Crop Classification Using Satellite Imagery in the Orange River Valley, South Africa
Overview
The Orange River is a major agricultural region in South Africa that has been stricken by drought in recent years. Accurate data is needed to improve agricultural growth and manage for vulnerability in the face of global change. Sub-Saharan Africa in particular struggles with incomplete or unreliable data in the agricultural sector. In 2018, the international community organized to launch the 50 X 2030 initiative, a commitment to collect better farm data with the goal of ending hunger.
The goal of this project is to build a model that can identify a crop with satellite imagery which can help with monitoring more quickly and cheaply. I chose to focus on identifying vineyards because wine from Orange River is South Africa’s top exported agricultural product and is economically important to the region.
This project is a stepping stone to more advanced predictions such as crop yield prediction and predicted food security under future climate change scenarios.
Data
The crop dataset was provided as a polygon shapefile with 2,497 agricultural fields.
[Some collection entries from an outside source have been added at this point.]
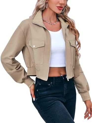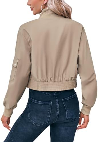 Fisoew Women's Cropped Bomber Jackets Lightweight Zip Up Stand Collar Long Sleeve Short Jacket with Pockets
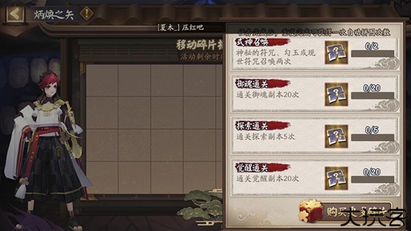 1、我们可以通过每天的活动任务,收集拼图碎片,然后对碎片进行拼图,将获得的每个碎片拼好之后将可以得到随机奖励,而完成区域拼图之后就可以获得源博雅的新皮肤炳焕之矢。
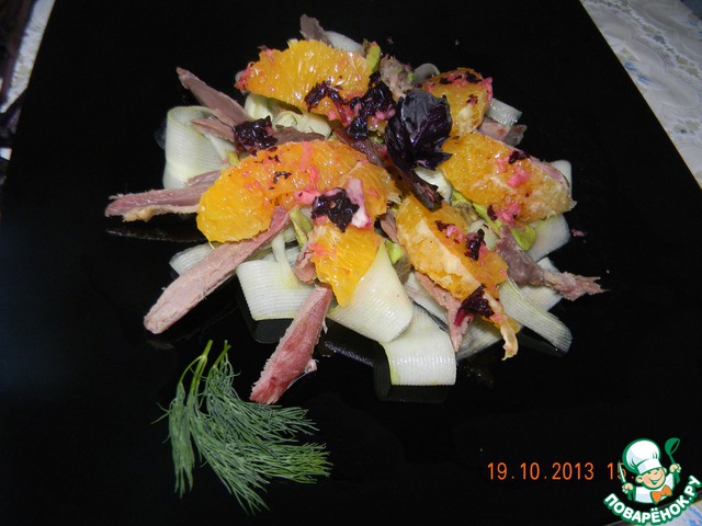 Первым слоем накладываем пластинки огурца, затем авокадо, кусочки мяса и апельсин и сверху поливаем заправкой...
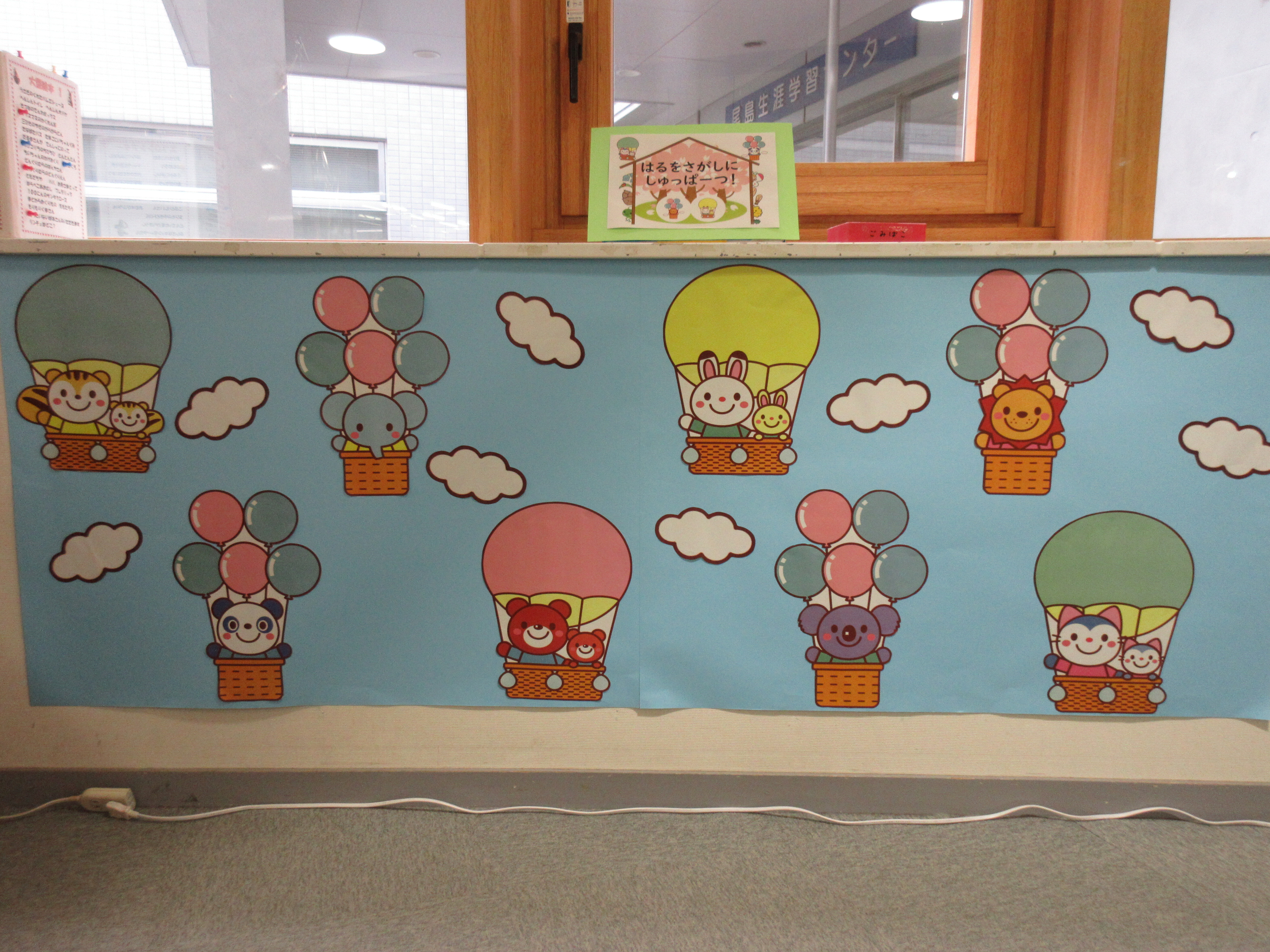 日本の春は、気象学的には3月から5月までをいい、寒さが和らぎさまざまな花が咲き始める生命力にあふれる季節です。新社会人や新入生にとっては、新しい生活が始まる不安でドキドキしたり期待でワクワクしたりと落ち着かない季節でしょうか。穏やかな日差しと微かな風に誘われて散歩していると、思いがけないところに春の花が咲いているのを発見して嬉しくなったりします。暖かさが徐々に増していき春が段々と近づいてくるという意味の「三寒四温」や、春の天気の変わりやすさを表す「春に三日の晴れなし」など、日本には春が近づいてくる様子を表すさまざまな慣用句があるように、日本人にとって「春」は特別な意味を持つ大切な季節です。さて、今月は尾島図書館にたくさんの気球が浮かぶ青空が出現しました。ちょうちょやハチやいろいろな花のシールをたくさん貼って、春の空を作りましょう!

The crops growing on each field were verified in person and with drones in 2017.
There are 7 crop types present in the fields:
- Cotton
- Dates
- Grass
- Lucern
- Maize
- Pecan
- Vacant
- Vineyard
- Vineyard & Pecan (“Intercrop”)
This is a subset of the crop data provided.
The satellite images from Sentinel-2 of the entire region across 11 time slices in one year (2017), covering summer and winter months. Sentinel-2 data has 13 bands.
Methods
I used Sentinel-2 satellite imagery to train a model to estimate the probability that each field is either a vinyard or not a vinyard. After classifying all crops as either vinyard or not vinyard I split my training and testing data by field ID.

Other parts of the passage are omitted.